From that point onward, I started using a new mindset to approach life. I accepted the worst-case scenario. I pondered the worst-case scenario. In my daughter’s case, the worst-case scenario was that she had low IQ. Now that I had accepted the worst-case scenario. The rest was good.
Later on, it turned out my daughter’s major motor skills were fine. The movement of fingers is considered fine motor skills. Major motor skills refers to jumping around. Her major motor skills were just fine. She was also decent at memorizing stuff and did it quite quickly. I said to myself: “Done deal!” Looking ahead, when it comes to the first nine years of compulsory education and three years of senior high, 80 percent of it is a matter of memorization. As long as your memory is intact, I should be able to send you to uni. The situation evolved such that not only did my daughter not have low IQ, I had to consider buying a flat in a good school district. So when you accept the worst stuff, the rest is good.
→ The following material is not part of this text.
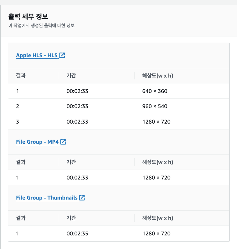 현재 사용 중인 job.json 파일에는 총 세 개의 출력 그룹(Output Group)이 설정되어 있다. 첫 번째는 HLS 출력 그룹으로, 비디오를 360p, 540p, 720p의 세 가지 해상도로 트랜스코딩하여 HLS 스트리밍에 적합한 형태로 출력되도록 구성되어 있다. 두 번째는 MP4 출력 그룹으로, 720p 해상도의 단일 MP4 파일을 생성하며 다운로드 및 저장용으로 활용된다. 마지막은 Thumbnail 출력 그룹으로, 입력된 비디오에서 5초마다 한 프레임씩 이미지를 캡처하여 썸네일로 출력한다.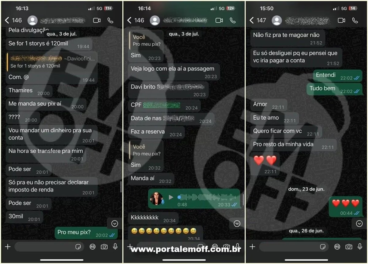Na conversa, que teria ocorrido no dia 15 de junho, Davi Brito ainda se declarou: “Tá ocupada? Tô com saudades. Não falou comigo hoje, tá de mal é?”, questionou ele.

The attitude extended to the birth of my son, my second child. He was born with a heart condition. There’s a hole in his atrium and in his ventricle. Dealing with my second child’s condition, I didn’t succumb to grief. I only obsessed about it briefly. After pondering the issue for a bit, I decided it wasn’t a big deal. Why? Because I did my research and found that he could live until at least his 30s. I had him when I was 35. If he lived until 30-something, then I’d be 65. That’s OK. If you die then, Dad will go with you, so you won’t be lonely, will you? And come to think of it, when is the best time in life? It’s your youth. You’re happiest before 35. If you’ve already enjoyed the happiest part of life, what else can you ask for? No big deal!
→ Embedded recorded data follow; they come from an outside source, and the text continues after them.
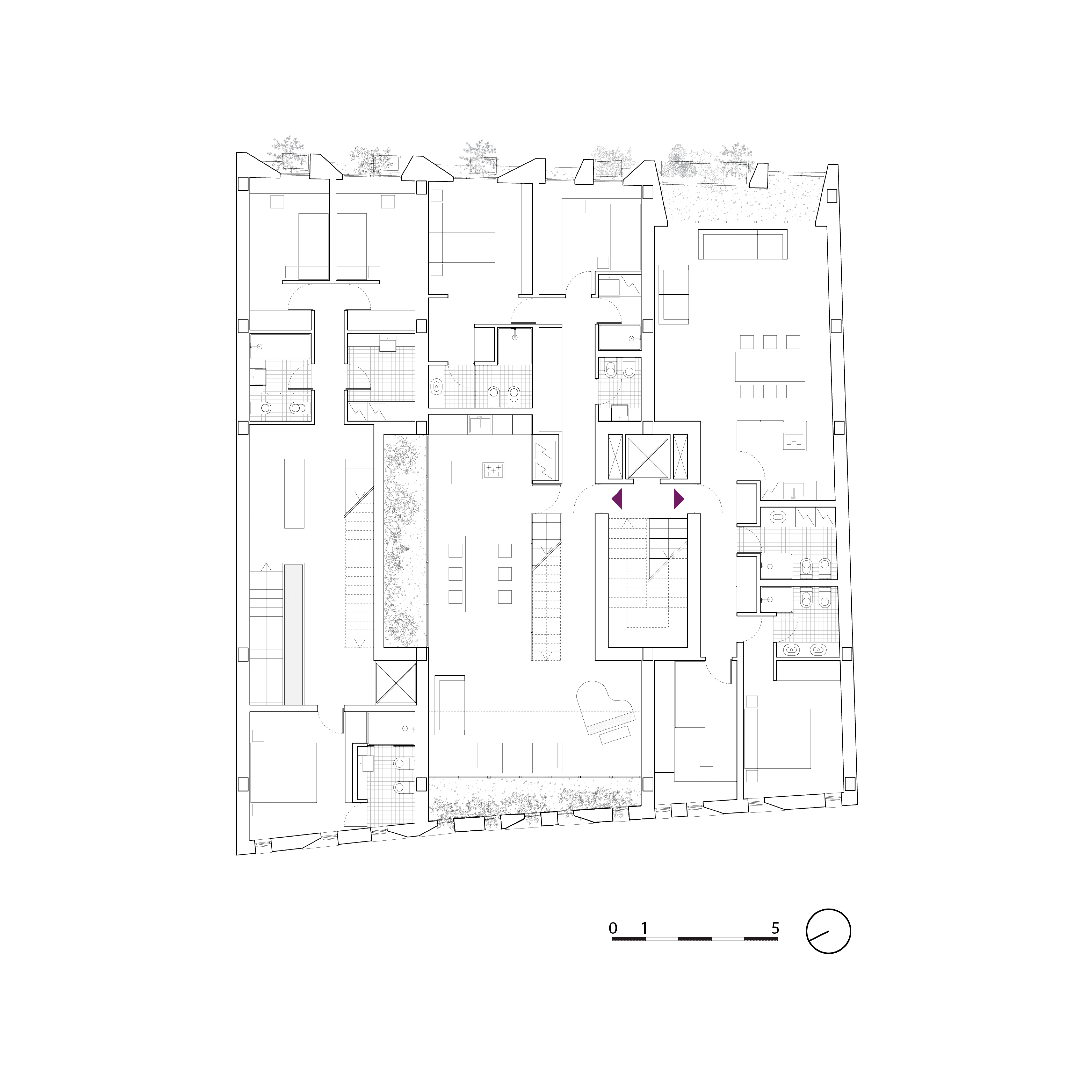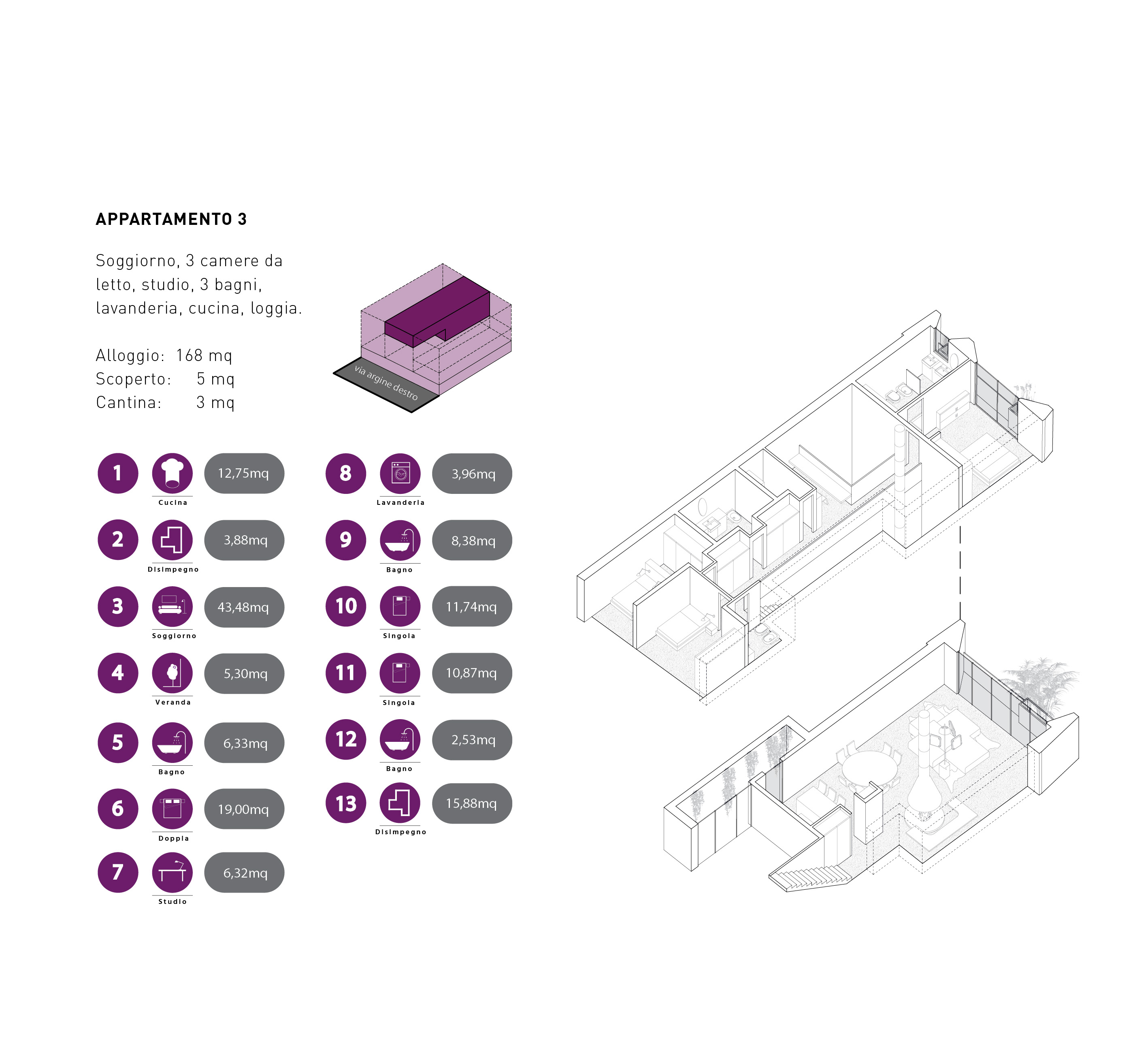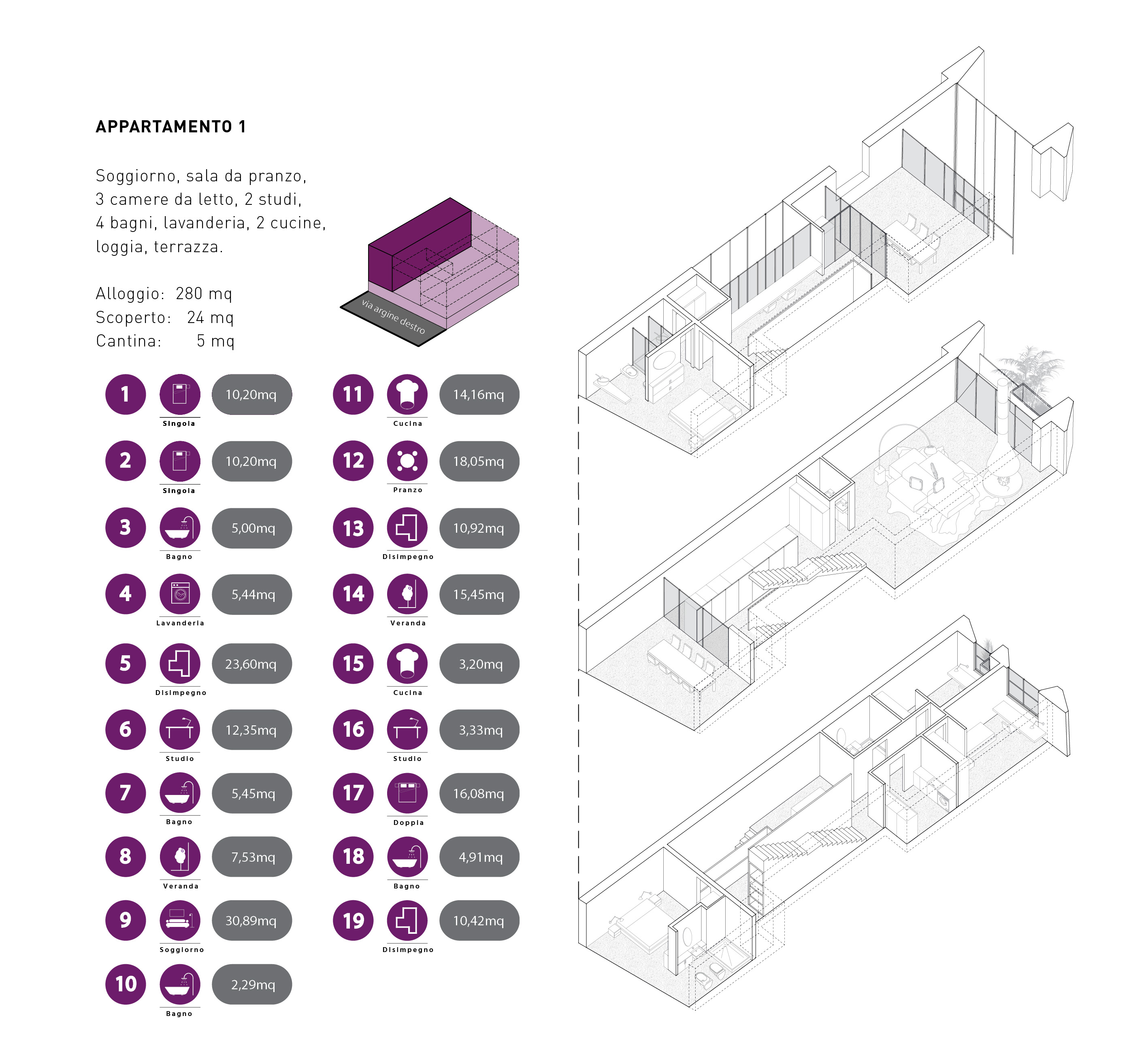 • un triplex che occupa un’intera fascia verticale con accesso indipendente.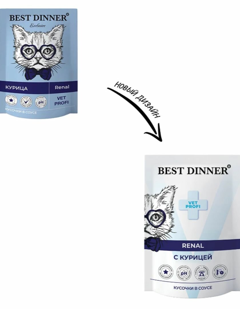Best Dinner Exclusive Vet Profi Renal диетические паучи для взрослых кошек для профилактики заболеваний почек, с курицей, кусочки в соусе - 85 г х 24 шт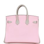This Special Order Hermès Birkin is in Rose SakuraandGris Perlechevre leather with rose goldhardware and hascontrast stitching,front flap, two straps withcentertoggle closure, clochette with lock and two keys, and double rolled handles.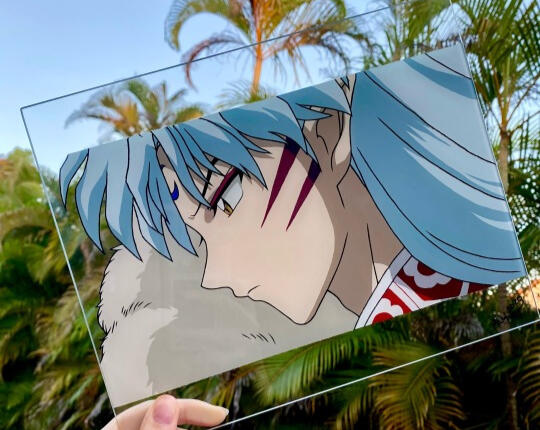 Some of my favorite glass paintings to date. As of right now, I've made over 50 individual pieces, and I continue to create more everyday! Smaller pieces can take me a modest 5-7 hours, while other larger pieces, 11 by 17 inches like the Sesshomaru pictured, can take me 20+ hours to complete.

I think there is a standard treatment for OCD. First, you need to get diagnosed and then take medication. Taking medication was a turning point in the breakthrough for my recovery. Secondly, you can stop your obsessive thinking. It’s just that you have to deal with huge pressure and a tremendous amount of pain. But once you deal with the pain, there is a pathway from frozen state to recovery. It’s like retracing your steps.
It’s just like the movie Ready Player One. When the main character was tackling the first key, everyone was following the arrows on the course, but he decided to go in reverse. That’s how OCD works. When you’re not dictated by it, you’ve found a solution. And when you can genuinely crack the code once, you can do it again many times.